▶ RECORD SET
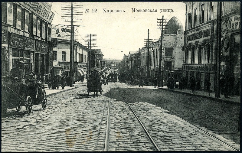 Вид на Московскую улицу (сейчас проспект) от начала в сторону Харьковского моста
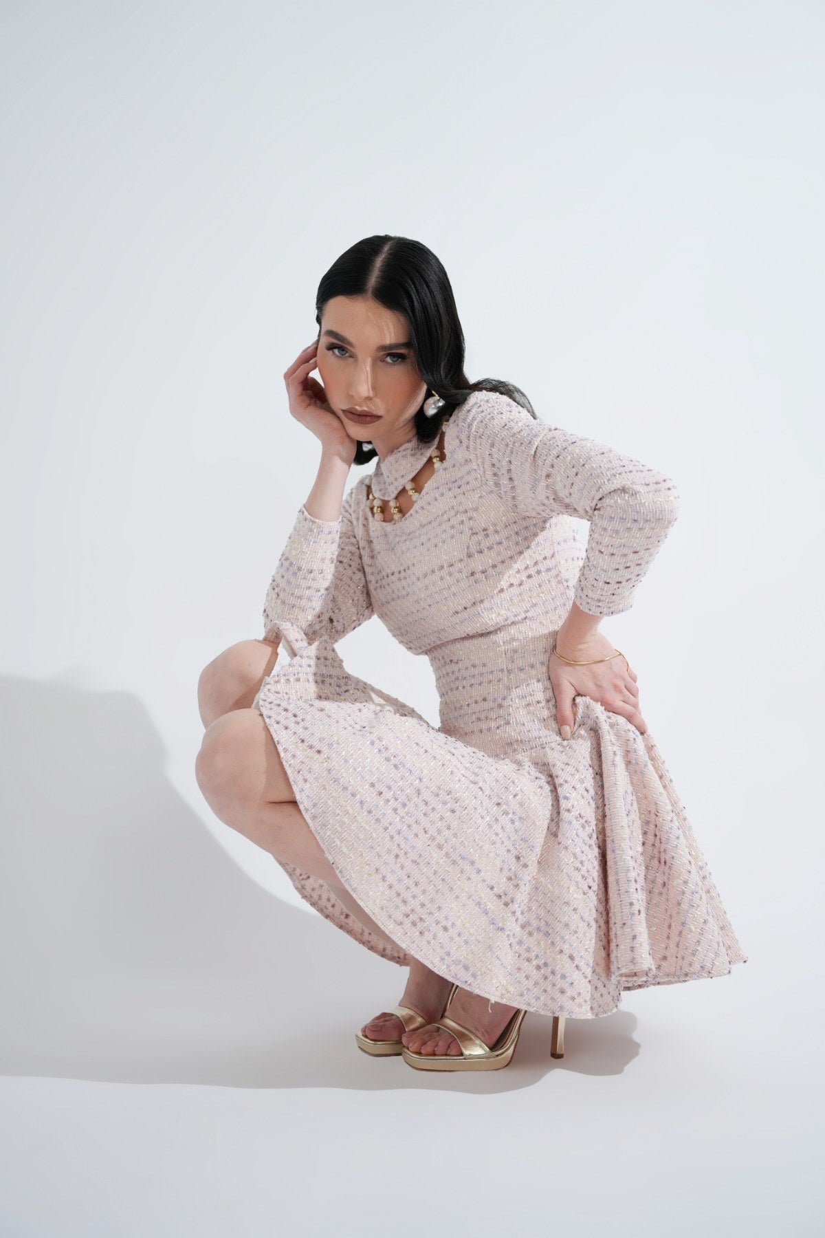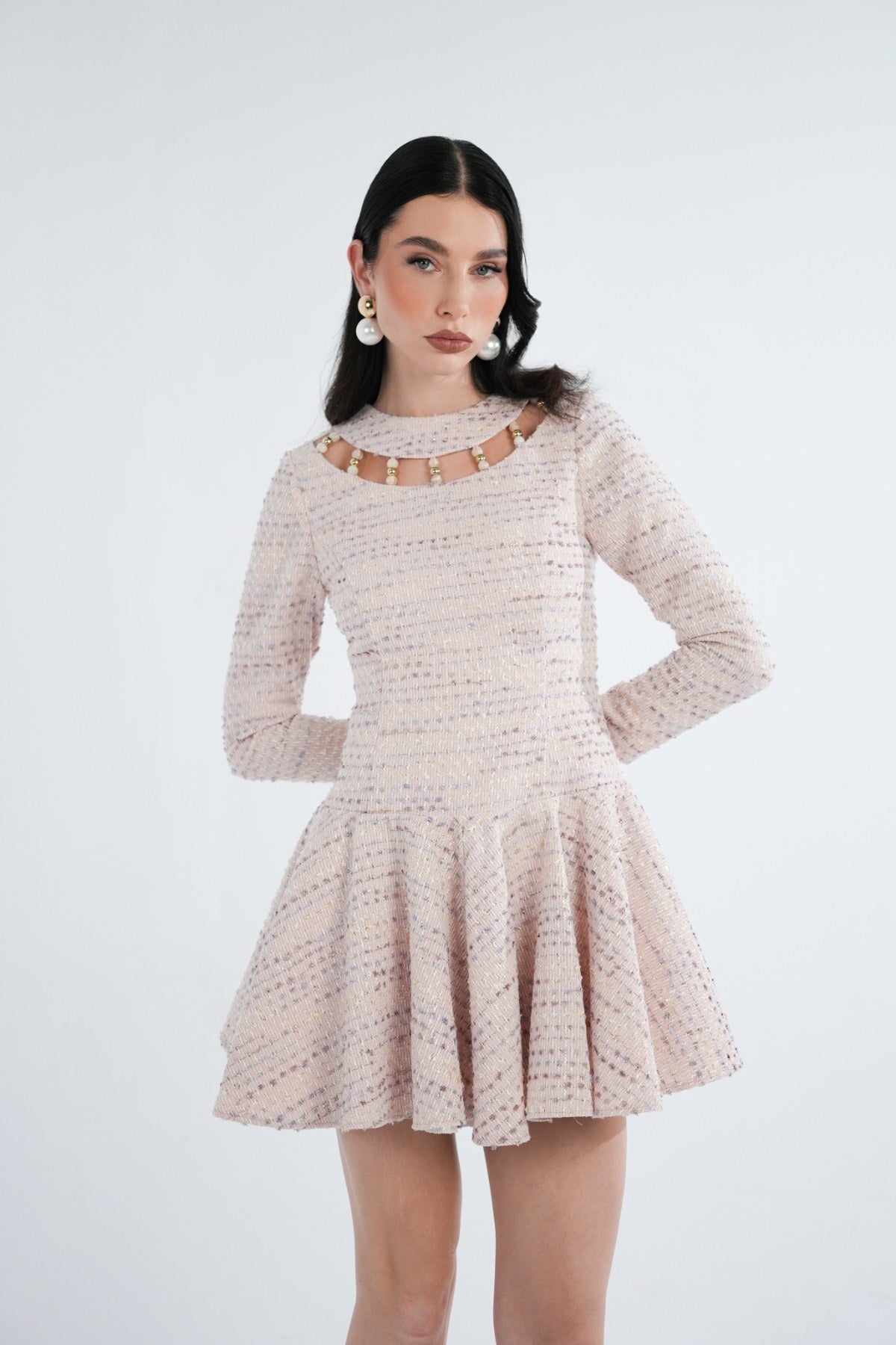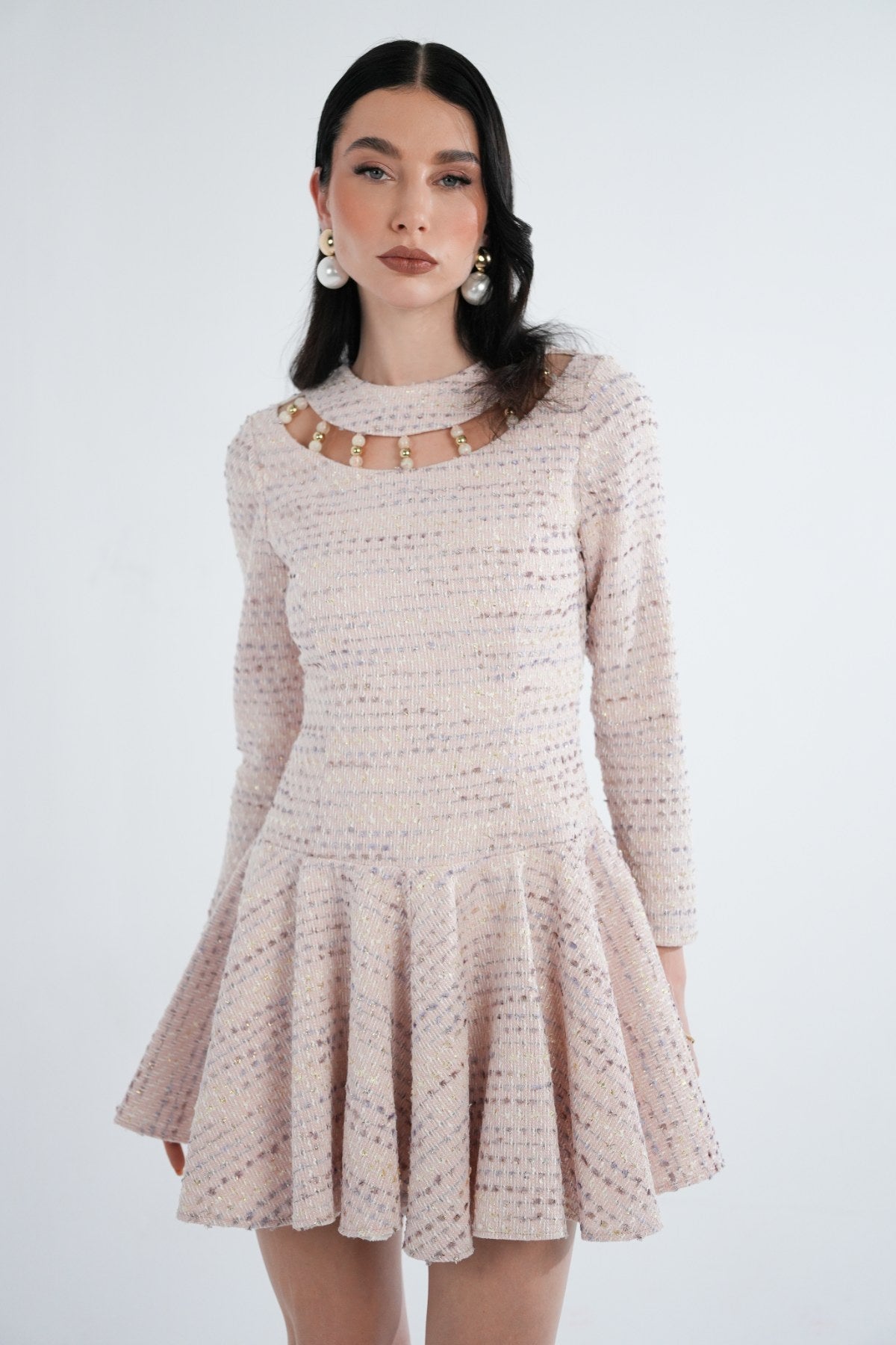 A soft pink tweed dress with window detailing, beads, and ribbon detailing.
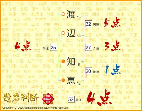 渡辺知恵さんの総運は52画の4点!
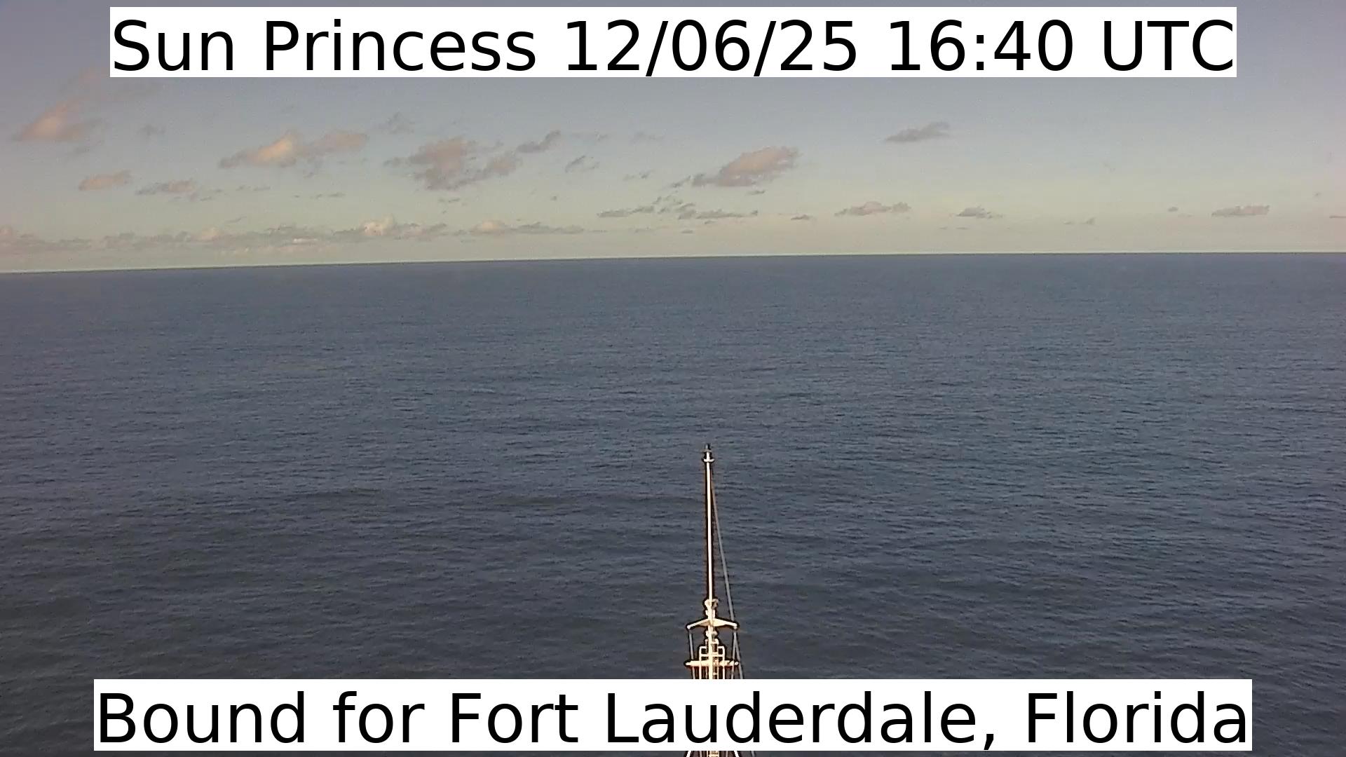 Norwegian Encore, Norwegian Cruise Line - 285.2 km von Coral Harbor: Live auf See - Werfen Sie einen Blick von der Brücke des Kreuzfahrtschiffes Norwegian Encore auf die See.
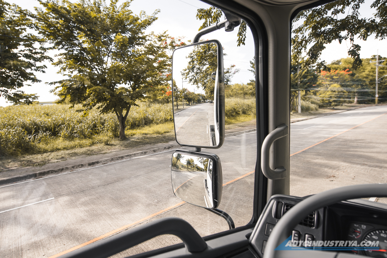 I did, however, notice that there were two features missing. The first is the absence of a secondary glass panel on the driver door that would allow a driver to see down; something very useful if you have to navigate roads with a lot of motorcycles or bikes. The convex mirrors do make up for it, but some Fuso Super Great versions do have that window, so I just found it odd that this one didn't come with such a feature. The other is the absence of a central rearview mirror; that makes sense because, well, the trailer would block it anyway.
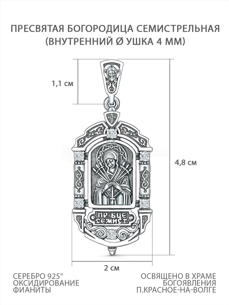 Подвеска православная из чернёного серебра с фианитами - Семистрельная Богородица 4,8 см П-284-1 2 фото
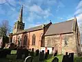 14th century (probable | The oldest part of the church is the tower, most of the building dates from 1761, and the chancel was added in 1881 by Ewan Christian. The nave is built in red brick, the rest of the church in stone, and the roof is slated. The church consists of a nave, a chancel, and a west steeple, the tower embraced by the nave. The tower has a vestry projection to the south, a stair projection to the north, two stages, a west doorway with a segmental head, a north clock face, a string course, an embattled parapet, and a recessed spire.[2][3] | II |
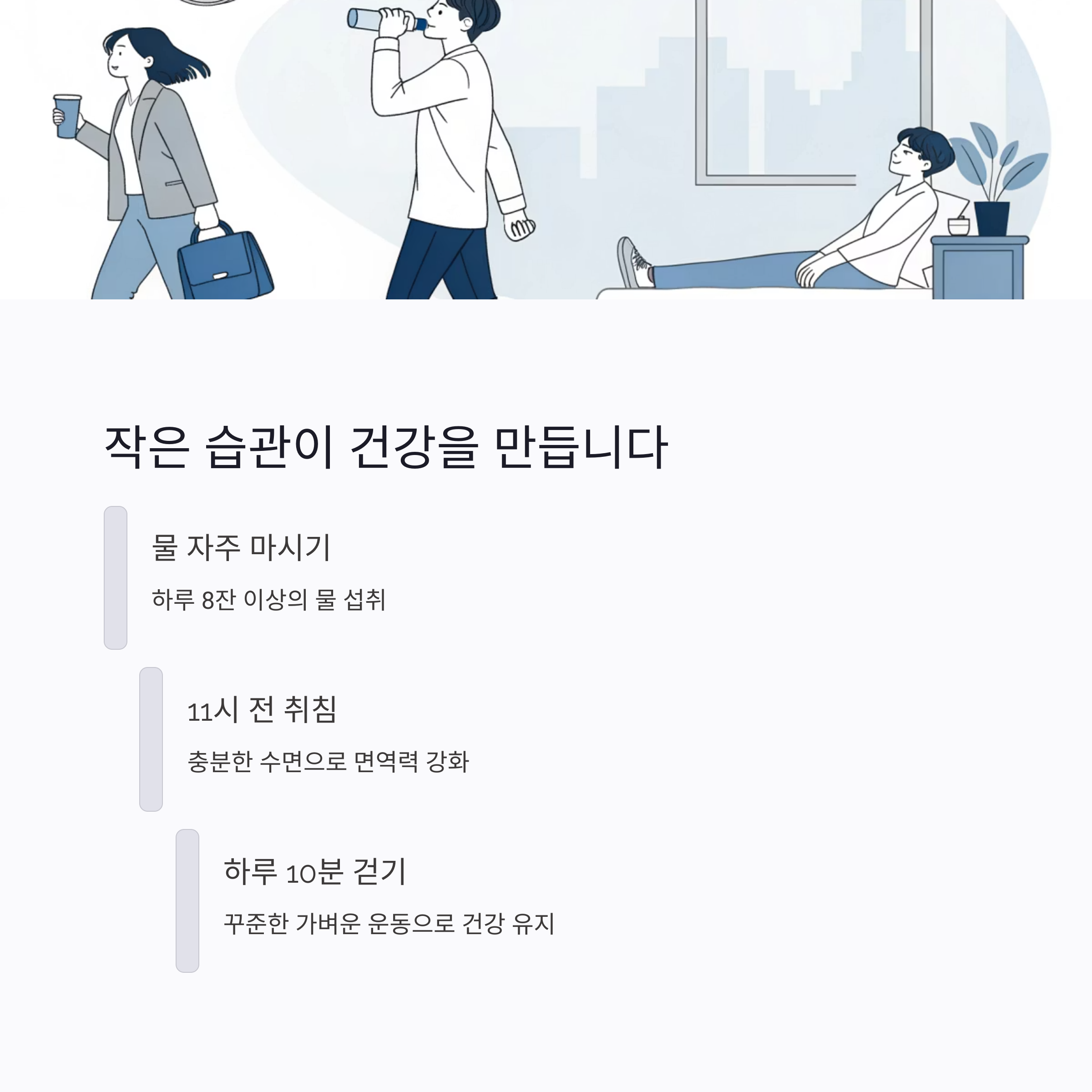 물을 자주 마시고, 밤 11시 전에 잠들며, 하루 10분씩 걷는 습관도
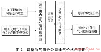 根據(jù)前面的分析可知,要真實地考察油氣田開發(fā)建設項目給企業(yè)帶來的經(jīng)濟效益,就必須考慮其產(chǎn)生的內(nèi)部凈增間接效益。在油氣田開發(fā)建設項目財務評價時,為了真實反映內(nèi)部凈增間接效益給油氣田分公司各財務指標帶來的變化,應該調(diào)整油氣田分公司的油氣價格,以及整個分公司的稅后利潤。為分析問題方便起見,把考慮油氣田內(nèi)部凈增間接效益后的價格稱之為效益價格,調(diào)整思路如圖2所示。
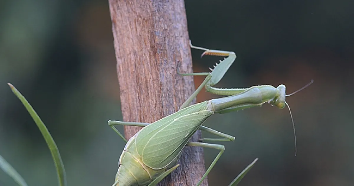 We've spotted as many as seven adult praying mantids at a time in our little pollinator garden in Vacaville, Calif., but never once have we seen any of them laying eggs.
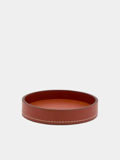 Armance Leather Round Tray Abask Luxury Gift In Brown
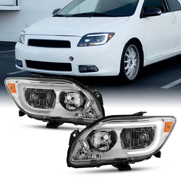 AKKON - Fits 2005-2007 Scion tC Chrome Headlights Pair Driver+Passenger w/ LED DRL Running Tube Bar Replacement
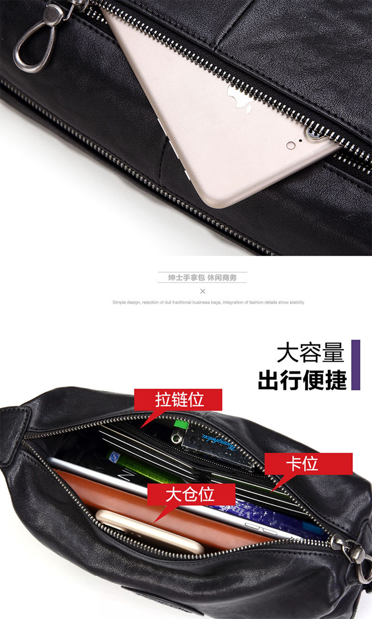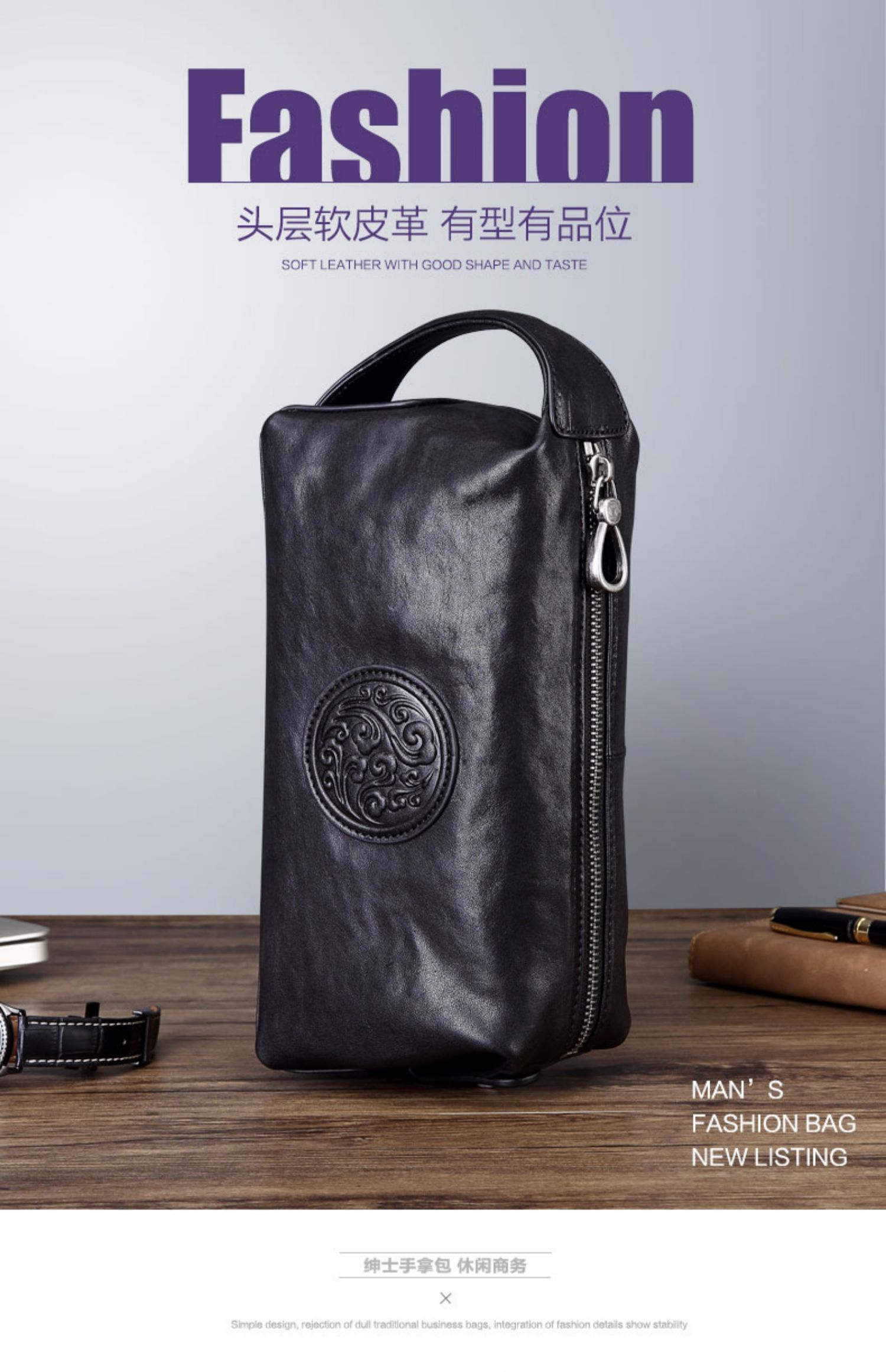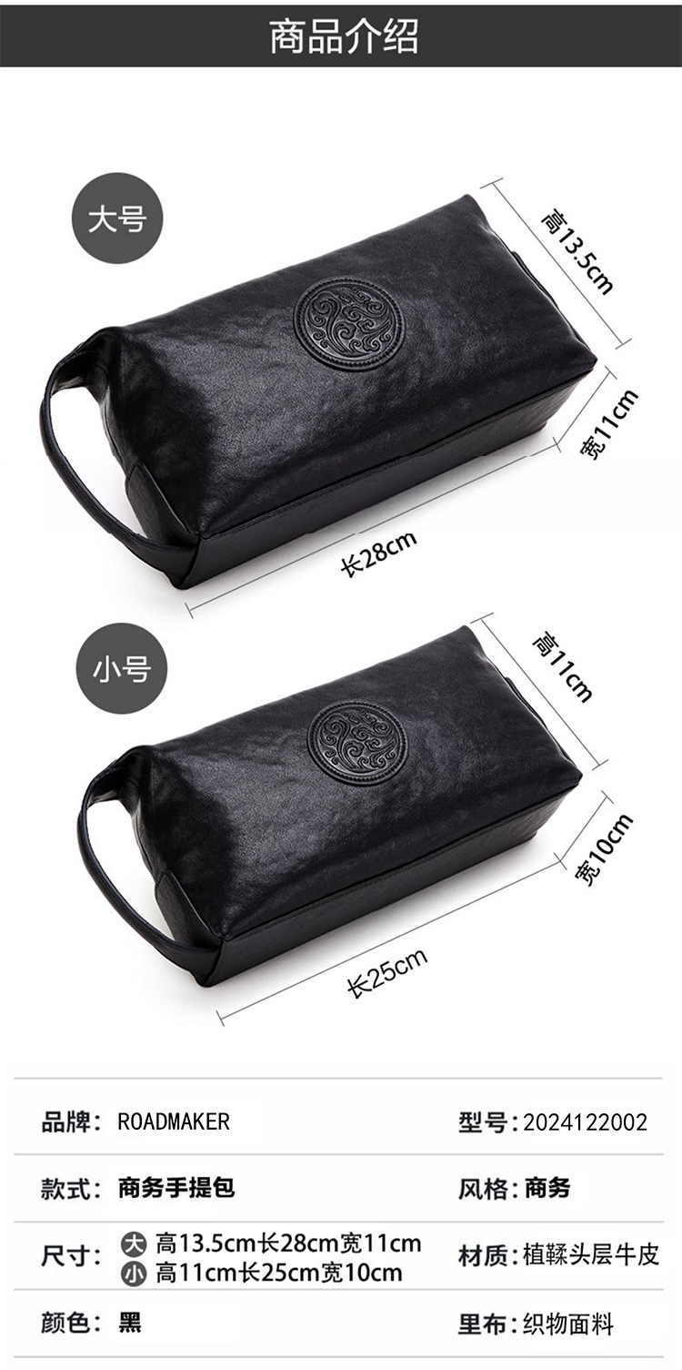 ROADMAKER男士手拿包真皮手包大容量商务手抓包头层牛皮时尚休闲

▶ YOUR INSTRUCTIONS
Using the listing above, repeat word for word each line from the one with "물을 자주 마시고, 밤 11시 전에 잠들며, 하루 10분씩 걷는 습관도" down to the one with "根據(jù)前面的分析可知,要真實地考察", both included. Omit all pictures.

▶ ANSWER
 물을 자주 마시고, 밤 11시 전에 잠들며, 하루 10분씩 걷는 습관도
 根據(jù)前面的分析可知,要真實地考察油氣田開發(fā)建設項目給企業(yè)帶來的經(jīng)濟效益,就必須考慮其產(chǎn)生的內(nèi)部凈增間接效益。在油氣田開發(fā)建設項目財務評價時,為了真實反映內(nèi)部凈增間接效益給油氣田分公司各財務指標帶來的變化,應該調(diào)整油氣田分公司的油氣價格,以及整個分公司的稅后利潤。為分析問題方便起見,把考慮油氣田內(nèi)部凈增間接效益后的價格稱之為效益價格,調(diào)整思路如圖2所示。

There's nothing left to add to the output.